How do I connect SillyTavern to KoboldCPP?

In SillyTavern, click the Connect button in the sidebar, select KoboldCPP from the dropdown, enter the URL http://127.0.0.1:5001, and click Connect. Ensure KoboldCPP is running in the background. The status should change to Connected when successful.

What models work with KoboldCPP?

KoboldCPP supports GGUF format models, which is the standard for local LLM inference. Popular options include models from TheBloke, Metharme, Pygmalion, and Mythalion. Look for models labeled as chat or roleplay-optimized for the best experience.

Can I run SillyTavern without a GPU?

Yes, SillyTavern and KoboldCPP work with CPU-only inference. You will need more system RAM to compensate – at least 16GB is recommended for 7B models. Generation speed will be slower at 3-8 tokens per second compared to GPU acceleration.

How much RAM do I need for KoboldCPP?

For 7B models at Q4 quantization, you need 8GB minimum (12GB recommended). For 13B models, 16GB is minimum. For 30B+ models, 32GB+ is required. The model file size plus your operating system and other applications must fit in available RAM.

What are the best models for roleplay?

For roleplay, I recommend Metharme 7B or 13B for uncensored creative roleplay, Mythalion 13B for detailed storytelling, and Pygmalion models specifically trained on character roleplay data. Start with 7B models if you have limited hardware.

How do I create a character in SillyTavern?

Click the character icon in the sidebar, then Create New Character. Fill in the name, description, personality traits, first message, and add example dialogues showing how the character speaks. Example dialogue is crucial for consistent characterization.

Why won’t SillyTavern connect to KoboldCPP?

Verify both applications are running. Check that the URL matches KoboldCPP’s displayed address (default http://127.0.0.1:5001). Try disabling your firewall temporarily. Restart both applications, launching KoboldCPP first before SillyTavern.

How do I fix out of memory errors?

Reduce GPU layers in KoboldCPP settings, use a smaller model or lower quantization level, increase your system’s page file, or close other applications. For CPU inference, reduce the context size and batch size parameters.

Can I use AMD GPU with KoboldCPP?

Yes, but it requires ROCm instead of CUDA. This setup is more complex and may not work on all AMD cards. Check the KoboldCPP GitHub wiki for specific ROCm installation instructions. Some AMD users report better results with CPU-only inference.

What is GGUF format?

GGUF is a file format for compressed AI models optimized for local inference. The format contains quantized models that maintain quality while reducing file size. The Q4, Q5, Q6 in filenames indicate quantization levels – lower numbers mean smaller files but slightly reduced quality.

Next Steps and Resources

Congratulations on setting up your local AI roleplay system. After spending months with this setup, I can confidently say it’s worth the initial effort. The privacy, unlimited usage, and creative freedom are unmatched.
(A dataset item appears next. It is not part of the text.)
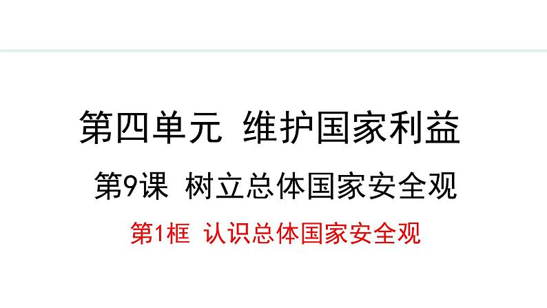 这是一份八年级上册认识总体国家安全观说课课件ppt,共30页。PPT课件主要包含了树立总体国家安全观,国家利益之上,第八课,第九课,第四单元维护国家利益,建设美好祖国,第十课,整体感知,认识总体国家安全观,坚持总体国家安全观等内容,欢迎下载使用。
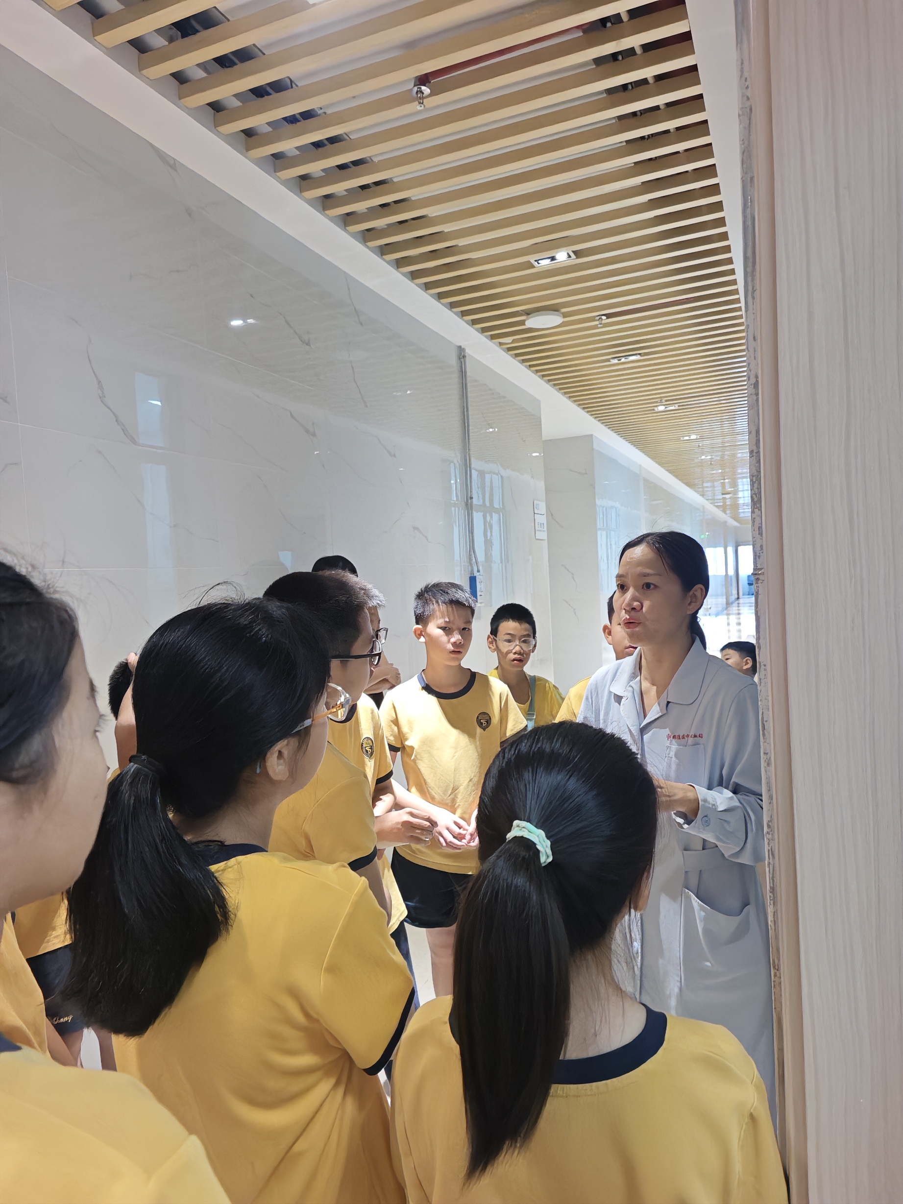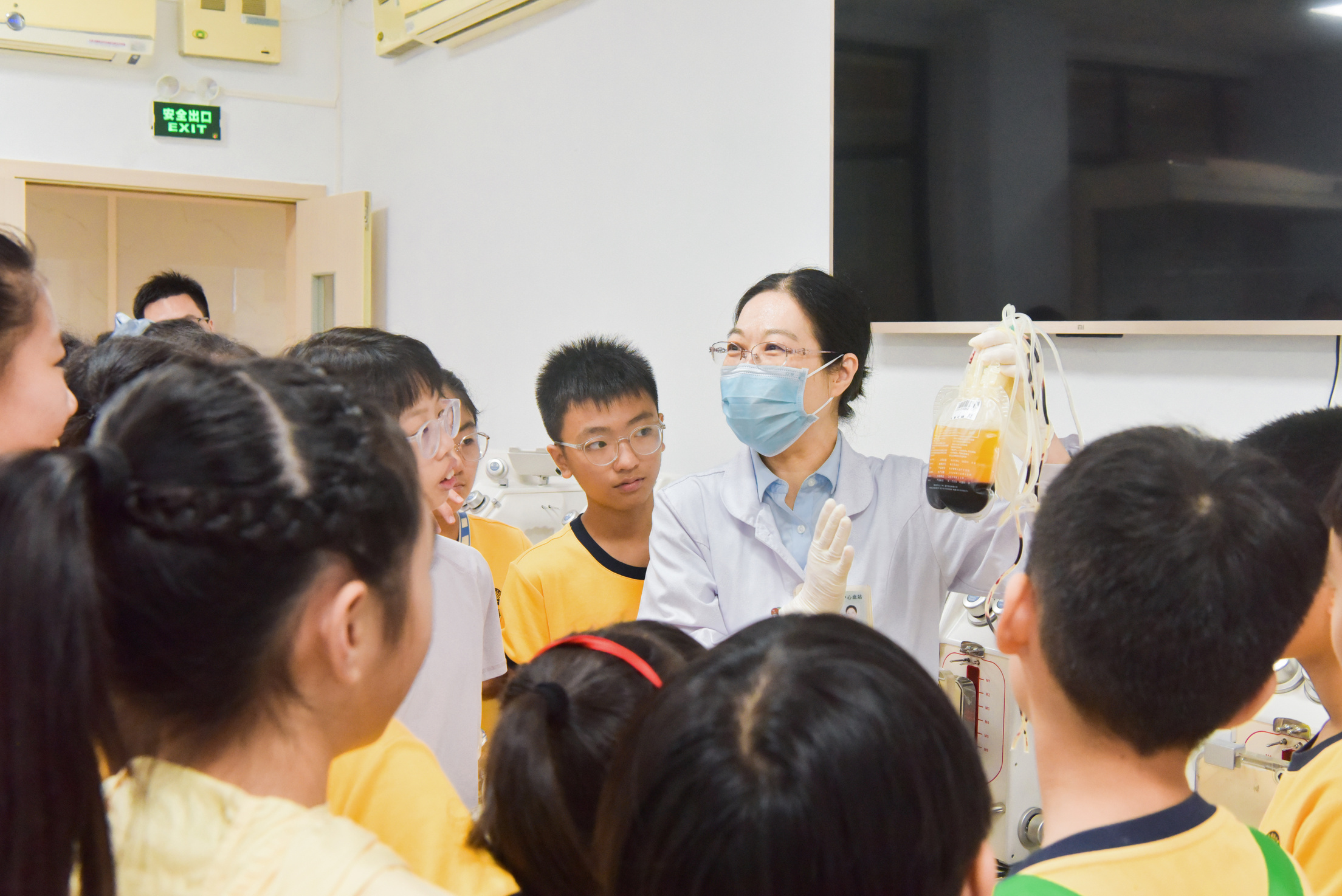 走进血库,学生们立刻被眼前的景象吸引,一排排专业储血冰箱整齐排列,不同血液成分存放在不同温度的专用设备中。

For further learning, I recommend joining the r/SillyTavern subreddit and r/LocalLLaMA community. These forums are invaluable for troubleshooting, model recommendations, and character sharing.

The official documentation at docs.sillytavern.app and the KoboldCPP wiki cover advanced features I couldn’t include in this starter guide.

Happy roleplaying, and may your characters come alive in ways you never expected.